Prévention et dépistage
“ En premier lieu, il faut faire en sorte que les gens soient vaccinés. À ce titre, j’envisage de mettre un coup de boost sur la vaccination contre le papillomavirus qui doit intervenir idéalement avant le premier rapport sexuel ou du moins dans les premiers moments de sa vie sexuelle pour se protéger de ce virus à l’origine des cancers de l’utérus et de la gorge. Il faut faire la promotion de ce vaccin et vacciner les jeunes, hommes et femmes. D’autre part, nous avons un plan réunionnais nutrition/diabète qui consiste à former les gens à mieux manger tout en tenant compte de nos habitudes culinaires. Nous avons accompli un énorme travail sur les proportions. J’aimerais que tout un chacun puisse intégrer cette démarche du “ mieux manger ” pour prévenir le diabète et l’obésité. À cela, il faut ajouter du sport/ santé avec des activités physiques sur prescriptions en labellisant des salles de sports. En outre, il faudra redoubler d’efforts sur le thème du dépistage du cancer. Nous devons multiplier la pédagogie et la communication.
Nous allons organiser des semaines de la prévention sur le territoire. Aller vers les gens. En ce sens, je tiens à promouvoir les contrats locaux de santé. Pour l’instant, sur les 24 communes, seules 12 ont signé. Pourtant, il permet de déployer des actions au plus près de la population en identifiant les problématiques propres à chaque commune. Qui mieux que les services sociaux de la ville peuvent nous aider à cibler les actions ? ”

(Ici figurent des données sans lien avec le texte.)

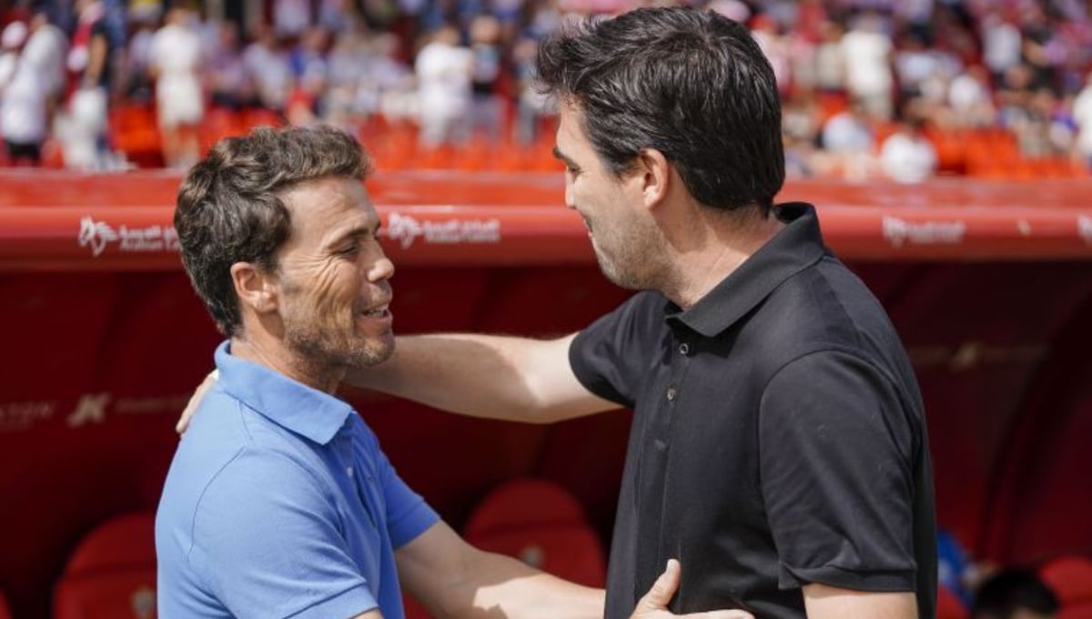 Rubi saludando a Iraola en el encuentro de hoyLaLiga
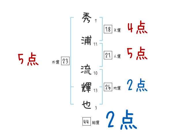 秀浦流輝也さんの画数の鑑定結果

Les soins non programmés/Les urgences
“ À La Réunion, nous avons un accès aux soins non programmés assez élevé. Premièrement, la permanence des soins est organisée. Nous avons des sites d’urgences hospitalières, mais nous avons aussi les différents SOS médecins qui couvrent le territoire et voient énormément de gens. Ce à quoi il faut ajouter la PDSA (Permanence des soins ambulatoires), soit la possibilité d’avoir accès à un médecin généraliste entre 19 h et minuit, à son cabinet, tous les jours, week-ends compris. Il suffit de passer par le SAS (Service d’accès aux soins) que vous joignez en composant le 15. Localement, l’organisation et la couverture sont bonnes. Sur ce sujet, nous sommes en avance, même par rapport à la métropole ”.
Moins d’administration et plus de proximité
“ Il nous reste à amplifier notre démarche pédagogique, à l’école avec les enfants et dans les entreprises avec les adultes. Il faut que nous progressions sur le sujet du dépistage et ne pas baisser les bras sur la vaccination. D’autre part, je ne peux pas me satisfaire qu’il y ait encore trop de gens qui entrent trop tard dans le système, à un stade trop avancé de la maladie, ce qui signifie qu’il y a un problème d’accès aux soins. Il faut comprendre pourquoi. Je souhaite que tout le monde s’empare du sujet de la santé, en particulier les élus, mais aussi la population. Je ne veux pas que notre action demeure un simple exercice administratif ”.